Cryptophasa ochroleuca

Scientific classification
- Kingdom: Animalia
- Phylum: Arthropoda
- Clade: Pancrustacea
- Class: Insecta
- Order: Lepidoptera
- Family: Xyloryctidae
- Genus: Cryptophasa
- Species: C. ochroleuca
- Binomial name: Cryptophasa ochroleuca (Lower, 1892)
- Synonyms: Cryptophaga ochroleuca Lower, 1892;

= Cryptophasa ochroleuca =

- Authority: (Lower, 1892)
- Synonyms: Cryptophaga ochroleuca Lower, 1892

Species of moth

Cryptophasa ochroleuca is a moth in the family Xyloryctidae. It was described by Oswald Bertram Lower in 1892. It is found in Australia, where it has been recorded from the Australian Capital Territory, New South Wales, South Australia and Victoria.

The wingspan is about 45 mm.

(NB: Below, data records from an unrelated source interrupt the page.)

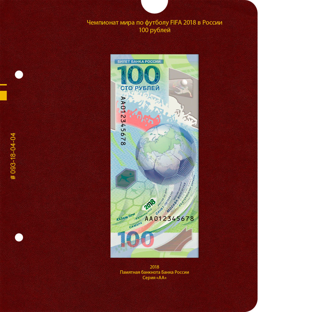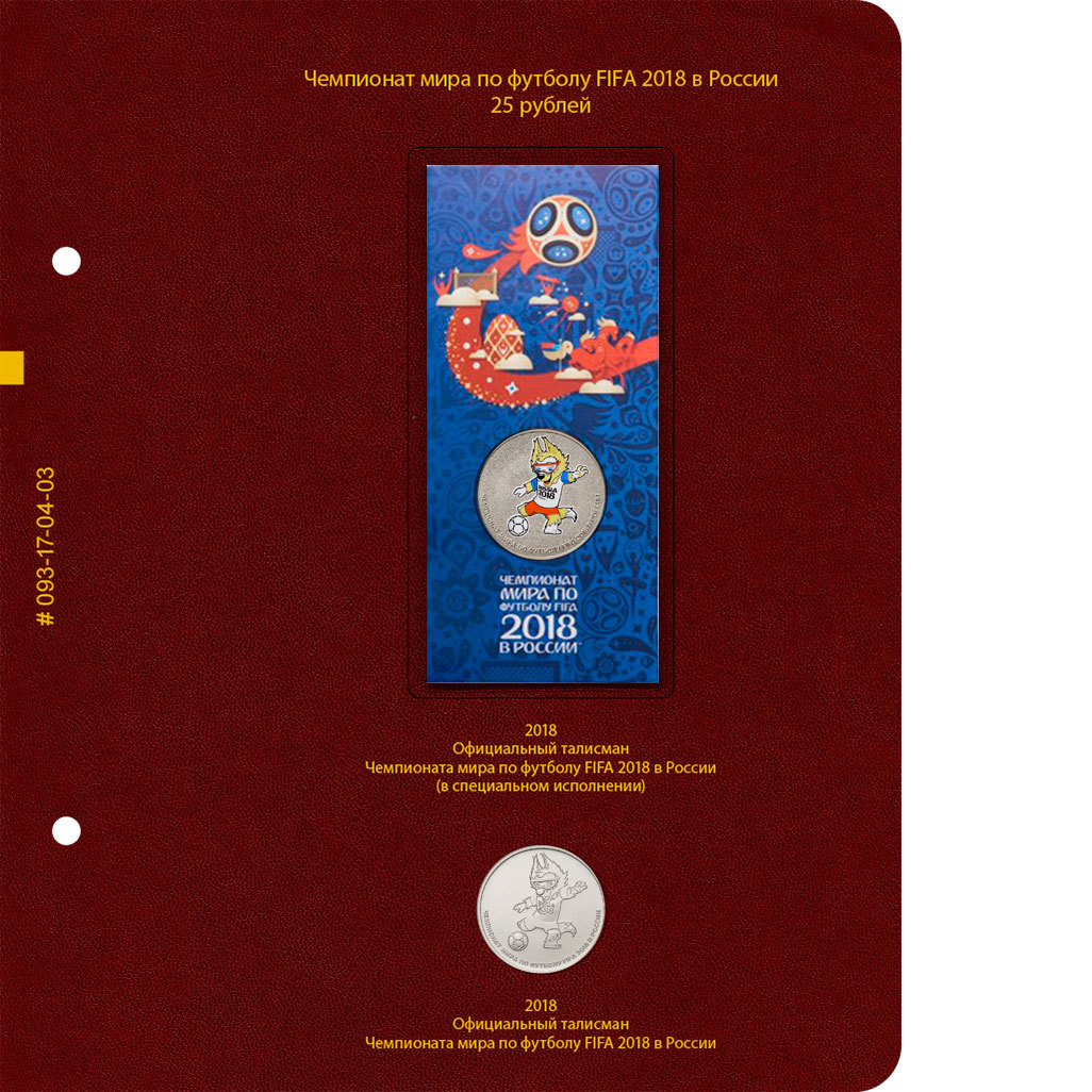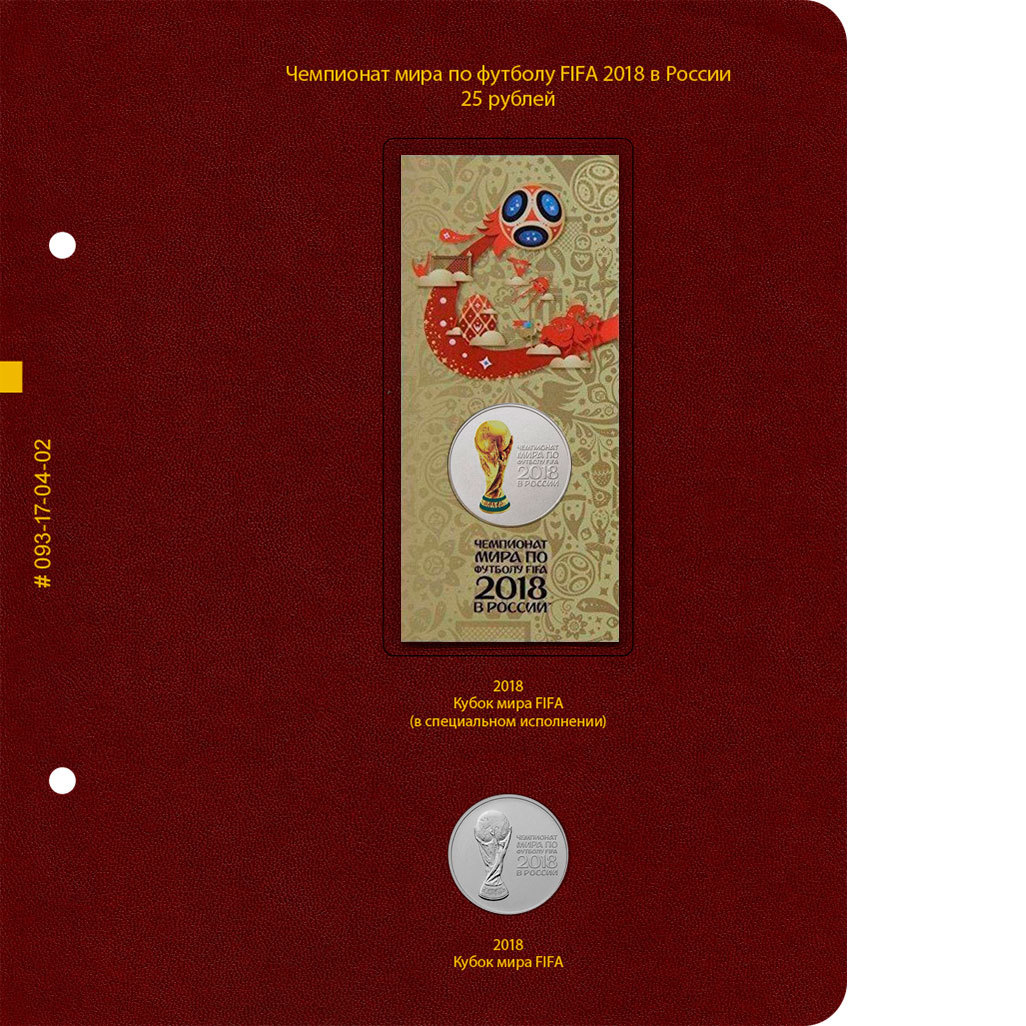 Альбом для коллекции серии памятных монет, посвященных Чемпионату Мира по Футболу в России 2018 года. В альбоме размещаются монеты номиналом 25 рублей (в т.ч. коллекционные монеты в блистерах) и памятная банкнота 2018 года. Монеты располагаются на страницах парами: сверху монета в блистере, в цветном исполнении, снизу - обыкновенная. Отдельный лист отведен под памятную полимерную банкноту номиналом 100 руб.
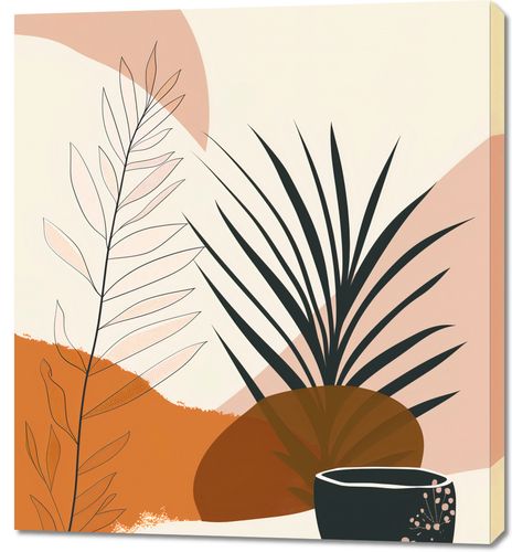 Obraz z serii minimalistyczne zatytułowany Harmonia Zen.Przedstawia eleganckie, abstrakcyjne formy roślin i geometryczne figury w ciepłych, pastelowych barwach zachodzącego słońca. Centralnym elementem jest stylowy czarny kubek z dekoracyjnym wzorem, który nadaje kompozycji głębi. Obraz ten będzie idealnym dodatkiem do spokojnych i stylowych wnętrz, jak sypialnie, pokoje relaksacyjne czy nowoczesne przestrzenie biurowe, wprowadzając atmosferę wyciszenia i estetycznego porządku.
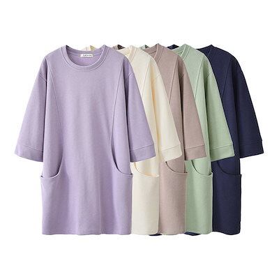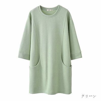チュニック レディース 七分袖 Tシャツ 綿100 トップス 春 夏 秋 スウェット プルオーバー 大きいサイズ ゆったり チュニックワンピース 膝丈 ミドル丈 カットソー 7分袖 クルーネック 無地
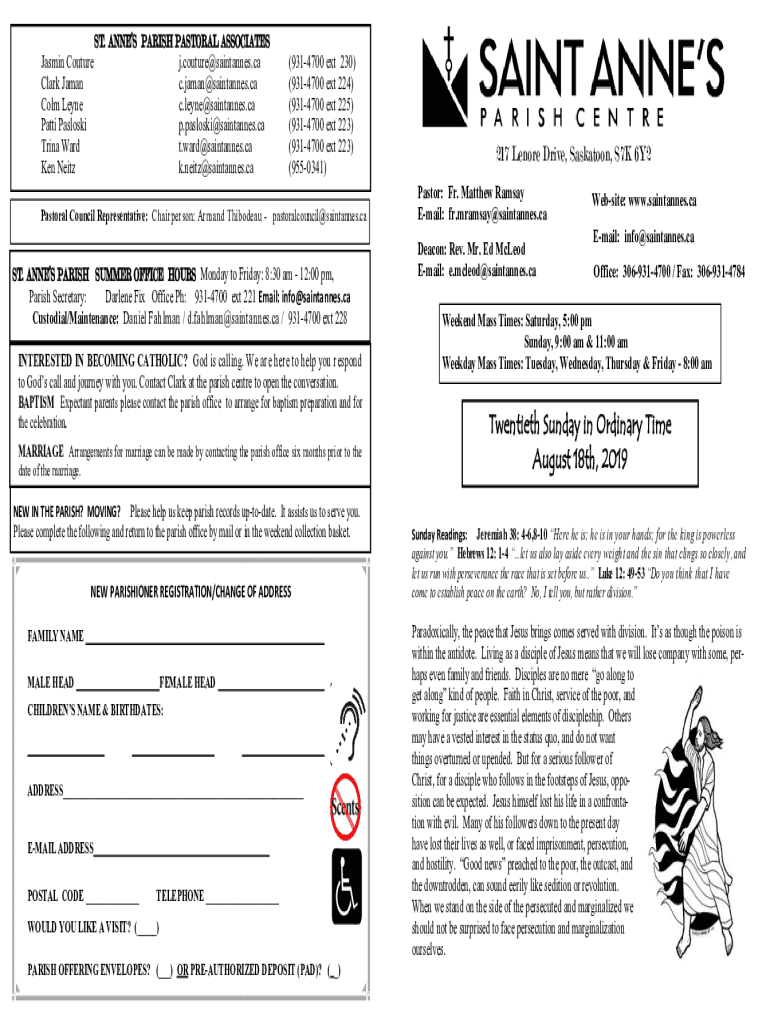 No information needs to be reported for the nineteenth Sunday in Ordinary Time.
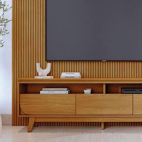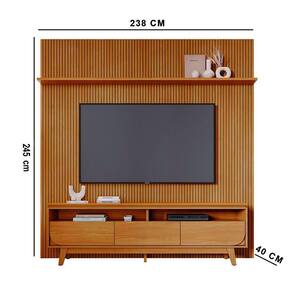 Painel Tv 75 Pol 238cm Ripado Kalven E Bancada Elarin M20 - D'rossi Cumaru(fosco) Transforme sua sala com o Painel TV 75 Pol 238cm Ripado Kalven e Bancada Elarin. Estrutura em MDF e MDP (12, 15 e 25mm) de alta resistência. Painel em MDF com acabamento ripado em baixo relevo, que destaca a sofisticação do design. A bancada possui tampo superior chanfrado de 25mm, 3 gavetas com corrediças telescópicas, sendo as laterais com design curvo para maior sofisticação e pés usinados. Ideal para quem busca funcionalidade, durabilidade e estilo contemporâneo. Produto robusto, de fácil instalação e indicado para TVs de até 75?. Design moderno que valoriza o ambiente com organização, elegância e acabamento de alto padrão. Dimensões: Altura: 245 cm Largura: 238 cm Profundidade: 40 cm Peso Total: 128 kg Especificações do Produto: Material da Estrutura: MDP 15mm/ 25mm Acabamento: Pintura UV Escala de Brilho: Fosco/Brilho Peso suportado do Painel: 38 kg distribuídos Peso suportado da Bancada: 50 kg distribuídos Suporta TV de até: 75 Polegadas Possui Prateleiras: Sim Quantidades de Prateleiras: 1 Prateleira Possui Gavetas: Sim Quantidades de Gavetas: 3 Gavetas Material das Corrediças: Telescópicas Possui Nichos: Sim Quantidade de Nichos: 2 Nichos Possui Portas: Não Possui Puxador: Não Possui LED: Não Possui Espelho: Não Possui Passa-Fios: Sim Possui Pés: Sim Tipo de Pés: Pés usinados em Madeira Maciça Diferenciais: Design moderno; Painel frisado em MDF; Tampo da bancada com borda chanfrada; Gavetas laterais com detalhe curvo. Sistema de Montagem: Cavilhas/Parafusos/Minifix Manual de Montagem: Sim Complexidade da Montagem: Alta Montagem: Recomendamos que seja feita por um profissional Garantia: 90 dias contra defeito de fabricação Instruções de Limpeza: Utilizar um pano limpo e levemente úmido Quantidade de Volumes: 5 Caixas Medida das Embalagens: Caixa 1: 238x18x15,2cm; Caixa 2: 246,5x61,1x3,2cm; Caixa 3: 246,5x62,3x3,2cm; Caixa 4: 67,5x50,5x12,7cm; Caixa 5: 201,9x37,9x9,6cm Entrega: É feita somente até o térreo ou portaria. Confira sempre as medidas das embalagens para assegurar que o produto passe por portas e escadas do local.
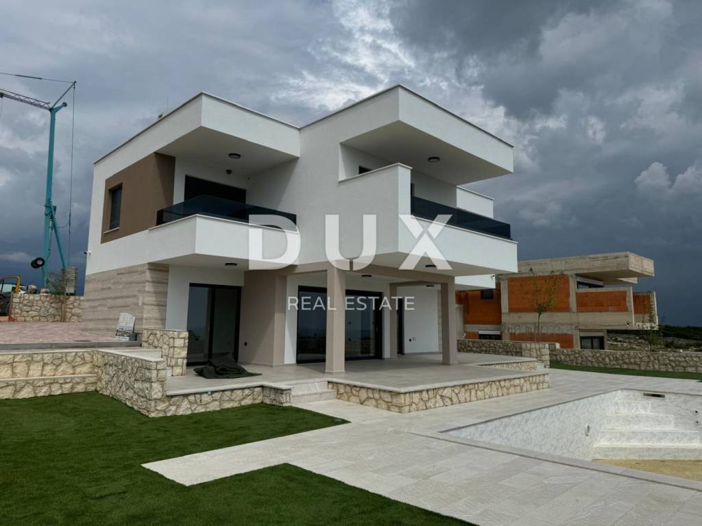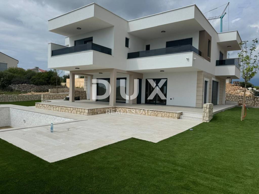 We are selling a house with a swimming pool and a fantastic view of the sea in a beautiful and quiet location near Novalja. On the ground floor of the house there is an entrance hall, a space intended for a sauna, a guest toilet, a pantry, a kitchen with a dining room and a living room with access to a covered terrace. On the first floor of the house, we have four bedrooms, three of which have their own bathroom, balconies with a wonderful view of the sea. Within the garden there is a larger swimming pool, a sunbathing area and a relaxation zone for grilling. This wonderful project is located on a plot of 620m2 which is currently under construction and is located in a beautiful and quiet location that offers privacy and comfort. The house will be sold in the turnkey phase. The heating will be underfloor throughout both floors and fully air-conditioned. The expected completion of construction and occupancy is expected in the middle of 2024.
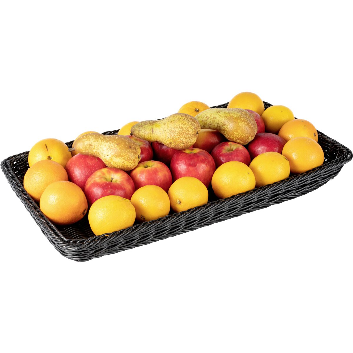 Polypropylen, schwarz. Stabile Qualität mit natürlicher Haptik. Verstärkter Rahmen aus Edelstahl. Spülmaschinengeeignet. Stapelbar. Hygienisch.
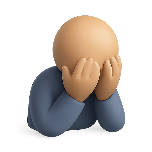 /Collection: /by davooda/Type: PNG/A 3D emoji design depicting a figure in a state of sadness, represented with hands covering the face. Ideal for emotional expression in digital communication.

The forewings are whitish ochreous with a black dot in the disc at one-third and a second, double, on the fold beneath the middle, and two others transversely placed, and connected by a fine black line in the disc at three-fifths. There is a row of black spots along the hindmargin and the apical fourth of the costa. The hindwings are shining white.

The larvae feed on Eucalyptus species. They bore in the stem of their host plant.